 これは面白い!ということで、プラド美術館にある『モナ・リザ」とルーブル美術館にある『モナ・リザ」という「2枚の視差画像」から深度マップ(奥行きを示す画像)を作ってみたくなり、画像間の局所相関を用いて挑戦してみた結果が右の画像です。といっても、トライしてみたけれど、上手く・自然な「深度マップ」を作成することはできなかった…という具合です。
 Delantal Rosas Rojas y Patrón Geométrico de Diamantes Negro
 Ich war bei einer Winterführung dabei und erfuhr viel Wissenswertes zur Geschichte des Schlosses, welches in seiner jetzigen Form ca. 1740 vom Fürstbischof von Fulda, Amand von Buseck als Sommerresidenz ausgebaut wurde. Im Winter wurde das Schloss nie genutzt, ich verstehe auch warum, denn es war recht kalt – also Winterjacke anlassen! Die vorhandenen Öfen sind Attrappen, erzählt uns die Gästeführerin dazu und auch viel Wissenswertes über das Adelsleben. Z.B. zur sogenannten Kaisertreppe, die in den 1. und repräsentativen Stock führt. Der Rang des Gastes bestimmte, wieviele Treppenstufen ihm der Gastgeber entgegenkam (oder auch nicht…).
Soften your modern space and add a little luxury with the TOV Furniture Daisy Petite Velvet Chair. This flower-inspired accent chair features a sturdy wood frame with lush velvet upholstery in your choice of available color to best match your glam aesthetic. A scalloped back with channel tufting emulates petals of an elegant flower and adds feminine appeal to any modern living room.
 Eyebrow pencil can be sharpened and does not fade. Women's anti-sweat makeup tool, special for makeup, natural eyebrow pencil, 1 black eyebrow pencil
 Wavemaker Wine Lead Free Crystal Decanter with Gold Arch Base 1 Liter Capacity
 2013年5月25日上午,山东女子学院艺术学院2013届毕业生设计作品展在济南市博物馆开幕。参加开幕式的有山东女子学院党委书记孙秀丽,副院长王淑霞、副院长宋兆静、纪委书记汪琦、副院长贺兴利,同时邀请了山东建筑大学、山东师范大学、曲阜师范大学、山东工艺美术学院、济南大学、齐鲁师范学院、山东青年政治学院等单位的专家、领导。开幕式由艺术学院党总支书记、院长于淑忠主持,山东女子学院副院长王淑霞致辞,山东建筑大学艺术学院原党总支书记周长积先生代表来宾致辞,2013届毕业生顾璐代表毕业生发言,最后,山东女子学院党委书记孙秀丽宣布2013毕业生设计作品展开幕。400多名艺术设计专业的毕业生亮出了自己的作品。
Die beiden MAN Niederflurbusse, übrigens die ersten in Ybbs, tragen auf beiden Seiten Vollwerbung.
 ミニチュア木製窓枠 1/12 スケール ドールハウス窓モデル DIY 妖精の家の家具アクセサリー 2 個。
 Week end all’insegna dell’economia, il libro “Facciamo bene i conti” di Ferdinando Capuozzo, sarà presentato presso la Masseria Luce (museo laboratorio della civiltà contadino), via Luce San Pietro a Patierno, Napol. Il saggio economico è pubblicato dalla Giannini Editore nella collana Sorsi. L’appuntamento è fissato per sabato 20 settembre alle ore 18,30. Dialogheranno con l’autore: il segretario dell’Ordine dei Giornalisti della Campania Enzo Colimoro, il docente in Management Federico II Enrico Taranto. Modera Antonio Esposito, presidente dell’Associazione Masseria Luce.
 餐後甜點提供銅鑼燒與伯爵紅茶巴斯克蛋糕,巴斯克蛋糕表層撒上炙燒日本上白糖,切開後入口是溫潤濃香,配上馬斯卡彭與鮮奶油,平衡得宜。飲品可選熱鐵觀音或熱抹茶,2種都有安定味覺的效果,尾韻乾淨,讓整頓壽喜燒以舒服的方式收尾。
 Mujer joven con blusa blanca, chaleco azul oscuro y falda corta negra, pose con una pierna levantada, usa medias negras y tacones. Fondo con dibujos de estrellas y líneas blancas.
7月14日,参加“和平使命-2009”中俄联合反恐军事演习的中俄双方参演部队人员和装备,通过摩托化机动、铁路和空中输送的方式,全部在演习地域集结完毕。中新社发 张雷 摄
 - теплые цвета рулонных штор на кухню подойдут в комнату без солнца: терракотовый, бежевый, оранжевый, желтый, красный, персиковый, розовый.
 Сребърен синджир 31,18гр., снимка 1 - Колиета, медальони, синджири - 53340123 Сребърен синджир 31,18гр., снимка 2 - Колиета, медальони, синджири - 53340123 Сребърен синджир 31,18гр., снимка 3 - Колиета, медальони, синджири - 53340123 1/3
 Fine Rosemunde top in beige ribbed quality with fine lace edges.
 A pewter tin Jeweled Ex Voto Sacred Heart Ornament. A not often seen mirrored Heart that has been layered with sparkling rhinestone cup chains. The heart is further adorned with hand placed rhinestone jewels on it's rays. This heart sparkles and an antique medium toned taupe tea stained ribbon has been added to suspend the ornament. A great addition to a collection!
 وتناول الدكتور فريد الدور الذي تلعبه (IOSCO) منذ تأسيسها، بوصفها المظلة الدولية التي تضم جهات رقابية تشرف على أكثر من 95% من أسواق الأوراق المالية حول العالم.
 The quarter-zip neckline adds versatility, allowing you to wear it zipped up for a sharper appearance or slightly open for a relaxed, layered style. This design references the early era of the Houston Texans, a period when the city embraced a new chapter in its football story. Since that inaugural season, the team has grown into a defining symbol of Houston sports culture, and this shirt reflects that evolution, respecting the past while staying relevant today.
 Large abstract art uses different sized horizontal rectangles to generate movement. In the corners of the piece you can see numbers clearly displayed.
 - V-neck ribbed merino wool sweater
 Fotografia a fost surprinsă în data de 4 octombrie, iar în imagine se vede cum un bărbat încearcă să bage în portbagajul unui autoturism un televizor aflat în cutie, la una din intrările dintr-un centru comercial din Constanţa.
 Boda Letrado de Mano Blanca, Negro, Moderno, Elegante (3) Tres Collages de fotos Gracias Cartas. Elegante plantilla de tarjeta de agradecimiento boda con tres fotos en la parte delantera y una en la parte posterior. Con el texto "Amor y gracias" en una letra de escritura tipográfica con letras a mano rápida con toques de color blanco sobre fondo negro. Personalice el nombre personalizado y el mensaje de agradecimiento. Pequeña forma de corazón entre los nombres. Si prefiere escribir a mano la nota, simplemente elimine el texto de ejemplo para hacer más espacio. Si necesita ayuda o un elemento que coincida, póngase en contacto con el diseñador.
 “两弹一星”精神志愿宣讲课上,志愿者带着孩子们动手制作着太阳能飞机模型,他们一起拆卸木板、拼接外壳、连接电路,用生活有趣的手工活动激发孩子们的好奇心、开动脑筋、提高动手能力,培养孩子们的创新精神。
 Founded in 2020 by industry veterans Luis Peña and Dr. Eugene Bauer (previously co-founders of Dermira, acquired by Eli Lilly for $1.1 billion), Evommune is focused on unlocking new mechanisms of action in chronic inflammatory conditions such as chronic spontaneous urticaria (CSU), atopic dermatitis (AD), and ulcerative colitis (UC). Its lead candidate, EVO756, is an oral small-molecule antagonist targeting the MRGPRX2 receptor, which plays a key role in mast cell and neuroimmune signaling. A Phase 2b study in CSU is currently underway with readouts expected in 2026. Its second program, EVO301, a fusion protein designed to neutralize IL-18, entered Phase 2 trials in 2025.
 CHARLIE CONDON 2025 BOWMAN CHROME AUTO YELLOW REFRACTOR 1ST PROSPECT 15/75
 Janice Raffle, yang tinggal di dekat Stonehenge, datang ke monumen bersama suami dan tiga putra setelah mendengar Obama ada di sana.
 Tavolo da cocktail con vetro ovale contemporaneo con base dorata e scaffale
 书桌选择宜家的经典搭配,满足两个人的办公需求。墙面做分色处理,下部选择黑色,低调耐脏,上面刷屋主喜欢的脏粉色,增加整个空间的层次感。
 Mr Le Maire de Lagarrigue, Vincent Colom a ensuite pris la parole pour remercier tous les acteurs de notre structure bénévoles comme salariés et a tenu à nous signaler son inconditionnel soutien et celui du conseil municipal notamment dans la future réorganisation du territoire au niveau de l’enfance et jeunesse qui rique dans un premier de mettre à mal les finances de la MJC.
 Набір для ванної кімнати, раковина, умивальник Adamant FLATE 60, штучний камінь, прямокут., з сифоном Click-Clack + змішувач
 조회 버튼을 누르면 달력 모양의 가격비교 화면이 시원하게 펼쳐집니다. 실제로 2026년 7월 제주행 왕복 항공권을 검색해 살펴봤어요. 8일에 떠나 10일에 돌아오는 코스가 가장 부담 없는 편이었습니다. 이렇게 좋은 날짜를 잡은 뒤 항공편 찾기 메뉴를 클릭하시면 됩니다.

- **What to do**: Only the lines from the one containing "- V-neck ribbed merino wool sweater" through the one containing "Fotografia a fost" are to be retyped, both boundary lines included, with no other material.

- **Result**:
 - V-neck ribbed merino wool sweater
 Fotografia a fost surprinsă în data de 4 octombrie, iar în imagine se vede cum un bărbat încearcă să bage în portbagajul unui autoturism un televizor aflat în cutie, la una din intrările dintr-un centru comercial din Constanţa.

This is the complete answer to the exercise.